Cavalry regiment pays honor to fallen trooper
Cavalry regiment pays honor to fallen trooper
By Spc. Chris McCann
2nd BCT PAO, 10th Mtn. Div.
CAMP STRIKER, Iraq – “It seems unfair for a man who had not served even a year in the Army to be taken from us. But it’s young men who die in war.”
Chaplain (Capt.) Danny Wilson’s words hung over the crowd assembled to mourn the death of Thomas Hewett Oct. 21 at Camp Striker.
Hewett, who served in Troop B, 1st Squadron, 89th Cavalry Regiment, died Oct. 13 of wounds suffered in an improvised explosive device detonation Sept. 21.
“Thomas had a family back home … he loved his family more than anything, more than his own life,” said Staff Sgt.
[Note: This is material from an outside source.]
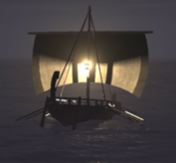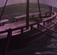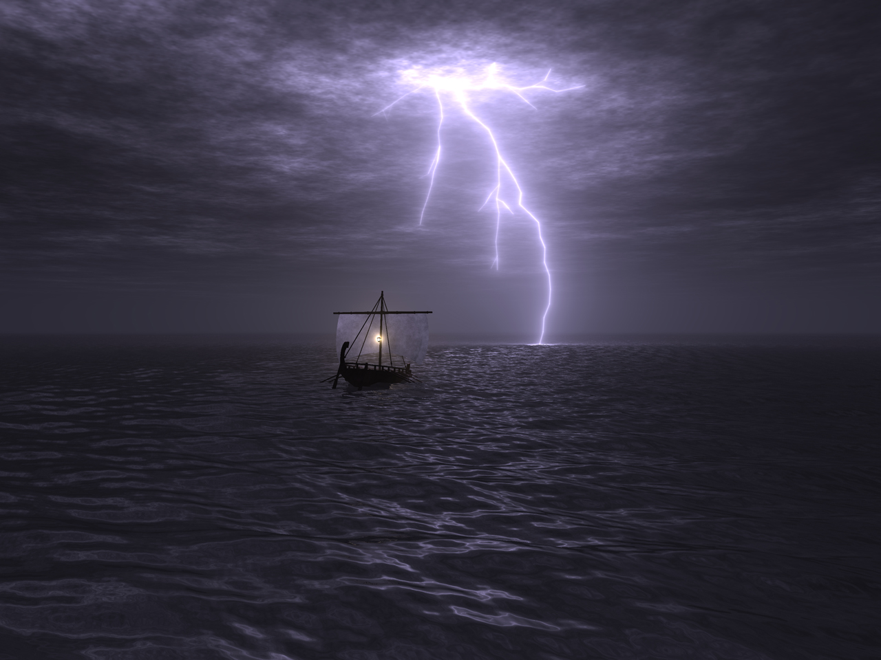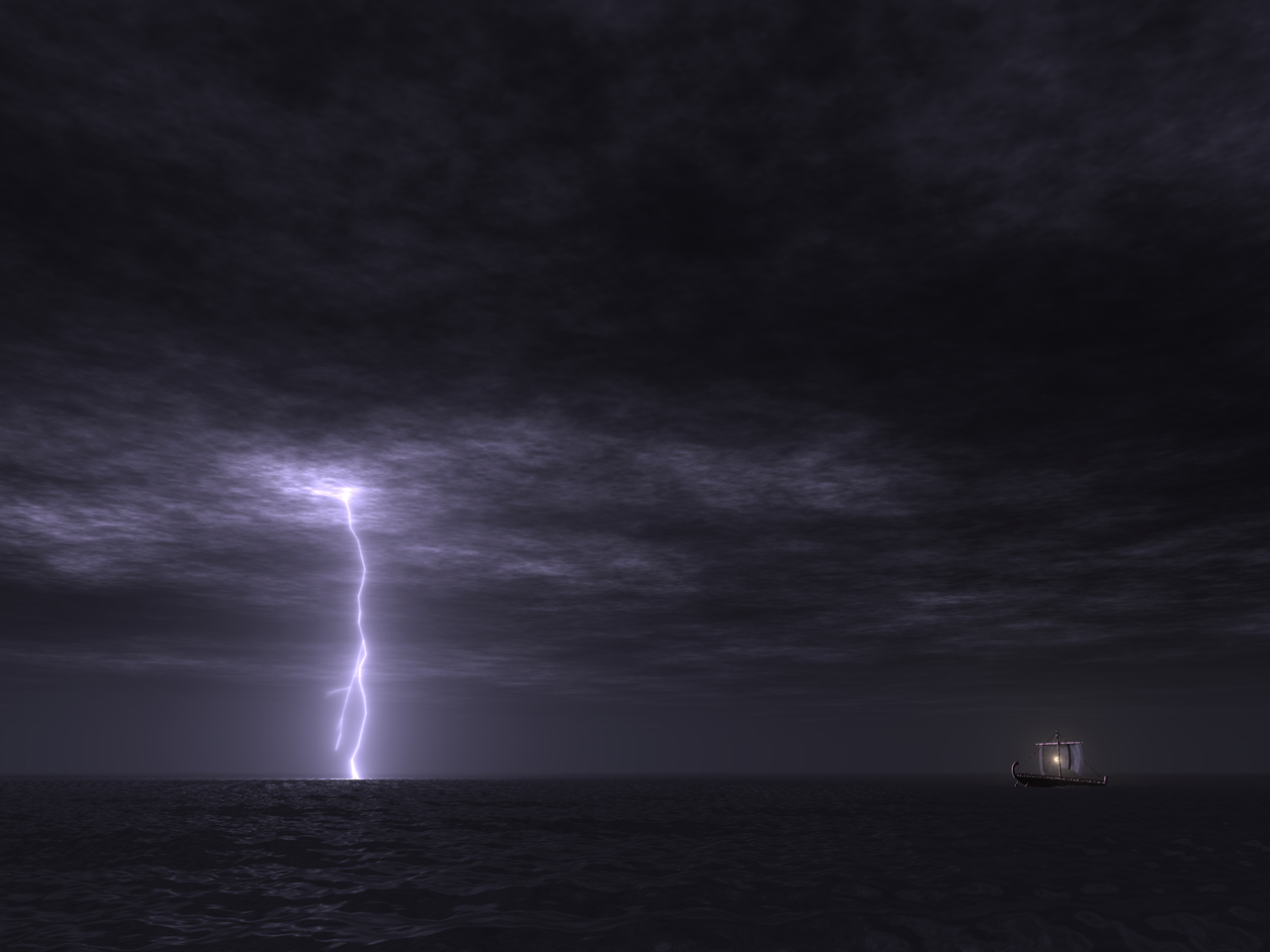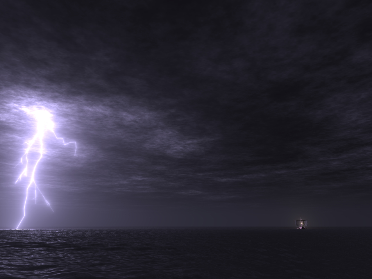 The final images were rendered at 3600 by 2700 pixels with 100 shadow rays per eye ray, and then resampled down to 1280 by 960 to reduce aliasing. The close-up image of the boat with the purple lightning took about 8 hours of rendering time, and the distant views took about 1 hour each.

Michael Bobulis of Brockton, Mass., Hewett’s section sergeant. “He wouldn’t want us to cry, be sad, or feel sorry for him.”
Hewett enlisted in the Army in 2005, and was assigned to B Troop in January of 2006. The Soldiers of his troop remember his sense of humor.
“He was always quick with a smart remark or a smirk,” said friend Pfc. Jonathan Williams, a native of Mount Pleasant, Texas, who met Hewett while inprocessing at Fort Drum.
He recalled a time that Hewett, sleepy, went into the laundry room instead of his barracks room and crawled up onto his “bunk dryer.”
“He looked so peaceful there, none of us bothered to wake him,” Williams said.
Hewett was also described as an excellent Soldier.
“Thomas was a great (Soldier),” said Sgt. Bryan Dunaway of Hurricane, W. Va., a section sergeant with Troop B. “He never complained, and he went out of his way to make things better. That’s all you can ask of a Soldier.”
Hewett’s only difficulty was with running, his troop mates said.
“We carried him more than he ran,” Williams said. “But he’s running like the wind now, by God. …I want to say thanks to Hewett for being a small part of my life and a large part of my heart.”
“He will be remembered as a good father to his son, a good husband to his wife, and a good Soldier,” Wilson said.
The legendary resting place of cavalry troopers was mentioned only once at the memorial.
“Do me one last favor,” Bobulis asked in an emotional voice. “Mark the way to Fiddler’s Green.”